Grigor Linsky dialed his cell phone.
“They’re back in her office,” he said. “I can see both of them in the window.”
CHAPTER 6
Reacher rode the elevator to the top of the black glass tower and found a maintenance stairwell that led to the roof. He came out through a triangular metal hutch next to the water tank and the elevator winding gear. The roof was gray tar paper covered with gravel. It was fifteen stories up, which wasn’t much in comparison with some cities. But it felt like the highest point in Indiana. He could see the river to the south. South and west, he could see where the raised highway separated. He walked to the northwest corner, and wind whipped at him and flattened his shirt against his body and his pants against his legs. Directly below him the highway spur curled around behind the library and the tower and ran away due east. Far beyond it in the distance the northward spur carried on straight and met a cloverleaf about two miles away in the haze. A long straight road came off the cloverleaf and ran back toward him. He fixed its position in his mind, because that was the road he wanted.
He rode down to the lobby and set out walking. At street level the air was warm and still. He went north and west, which meant he missed the sports bar by a block. The road he wanted came in at a shallow angle south of it and diverted him away. It was straight and wide. Four lanes. Closest to downtown it had small run-down establishments. There was a gun store with heavy mesh on the windows. There was a barbershop with a sign: Any Style $7. There was an old-fashioned motor court on a lot that once must have stood on the edge of town. Then there was a raw cross street and beyond it the lots got bigger and the buildings got newer. Fresh commercial territory. No existing leases, nothing to tear down. Once-virgin land, now paved over.
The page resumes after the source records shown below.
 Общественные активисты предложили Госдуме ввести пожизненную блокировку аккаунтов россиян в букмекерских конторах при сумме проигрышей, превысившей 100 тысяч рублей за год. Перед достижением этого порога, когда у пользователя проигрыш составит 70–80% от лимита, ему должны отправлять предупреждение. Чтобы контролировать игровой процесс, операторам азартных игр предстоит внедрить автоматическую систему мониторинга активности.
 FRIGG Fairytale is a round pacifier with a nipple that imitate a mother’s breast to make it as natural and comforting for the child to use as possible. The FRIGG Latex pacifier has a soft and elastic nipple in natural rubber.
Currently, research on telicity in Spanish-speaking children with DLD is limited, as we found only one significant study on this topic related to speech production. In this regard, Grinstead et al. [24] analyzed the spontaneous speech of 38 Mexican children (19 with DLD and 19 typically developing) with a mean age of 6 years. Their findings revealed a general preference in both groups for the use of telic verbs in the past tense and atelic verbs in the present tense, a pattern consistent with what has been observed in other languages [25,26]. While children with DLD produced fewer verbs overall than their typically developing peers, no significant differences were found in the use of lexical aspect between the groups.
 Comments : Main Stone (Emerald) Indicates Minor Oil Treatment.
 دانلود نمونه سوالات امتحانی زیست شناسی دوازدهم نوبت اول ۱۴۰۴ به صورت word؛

He kept on walking and after a mile he passed a fast-food drive-through. Then a tire store. Four New Radials $99! Then a lube franchise and a dealership for small cars from Korea. America’s Best Warranty! He looked ahead, because he figured he was getting close.
Are you a hooker?
No way. I work at the auto parts store.
Not an auto parts store. The auto parts store
. Maybe the only one, or at least the main one. The biggest one. Which in any city is always right there on the same strip as the tire stores and the auto dealers and the lube shops. Which in any city is always a wide new strip near a highway cloverleaf. Cities are all different, but they’re also all the same.
He spent ten minutes hiking past a Ford dealership with about a thousand new pickup trucks lined up shoulder to shoulder with their front wheels up on ramps. Behind them was a giant inflatable gorilla tied down with guy wires. The wires had tinsel bunting attached to them. Beyond the new trucks were old trucks. Trade-ins, Reacher guessed, looking for new homes. Beyond the used lot was a fire road.
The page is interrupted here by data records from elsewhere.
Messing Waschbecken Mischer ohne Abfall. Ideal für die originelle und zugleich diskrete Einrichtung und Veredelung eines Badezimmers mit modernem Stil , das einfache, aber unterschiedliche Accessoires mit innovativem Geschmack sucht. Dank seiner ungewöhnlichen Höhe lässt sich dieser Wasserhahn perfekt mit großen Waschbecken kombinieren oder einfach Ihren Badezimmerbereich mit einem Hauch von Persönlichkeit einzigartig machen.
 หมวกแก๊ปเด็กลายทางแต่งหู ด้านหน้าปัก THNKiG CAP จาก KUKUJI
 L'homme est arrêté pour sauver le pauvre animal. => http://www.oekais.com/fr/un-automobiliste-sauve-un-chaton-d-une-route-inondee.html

And then an auto parts store.
It was a franchise operation, long and low, neat and clean. New blacktop in the lot, urgent messages in the windows. Cheap oil filters, cheap antifreeze, guaranteed brake parts, superduty truck batteries. The parking lot was about a quarter full. There were slammed Hondas with wide pipes and blue headlight bulbs and rubber-band tires on chrome wheels. There were listing pickup trucks with broken springs. There were tired sedans halfway through their third hundred thousand miles. There were two cars alone together in the end bays. The store staff’s cars, Reacher figured. They weren’t allowed to park in the prime front-and-center slots, but they wanted their rides where they could see them through the windows. One was a four-cylinder Chevy, and the other was a small Toyota SUV. The Chevy had chromed silhouettes of reclining women on the mud flaps, which made the Toyota the redhead’s car. That was Reacher’s conclusion.
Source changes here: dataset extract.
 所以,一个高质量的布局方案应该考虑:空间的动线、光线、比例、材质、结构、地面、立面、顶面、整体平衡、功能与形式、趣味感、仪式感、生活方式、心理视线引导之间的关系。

He went inside. The air was set very cold and smelled of sharp chemical flavors. There were maybe a half-dozen customers walking around, looking. At the front of the store were racks full of glass and chrome things. Dress-up accessories, Reacher guessed. In back were racks of things in red cardboard boxes. Clutch plates, brake pads, radiator hoses, stuff like that, he guessed. Parts. He had never put parts on a car. In the army there had been guys to do it for him, and since the army he had never had a vehicle of his own.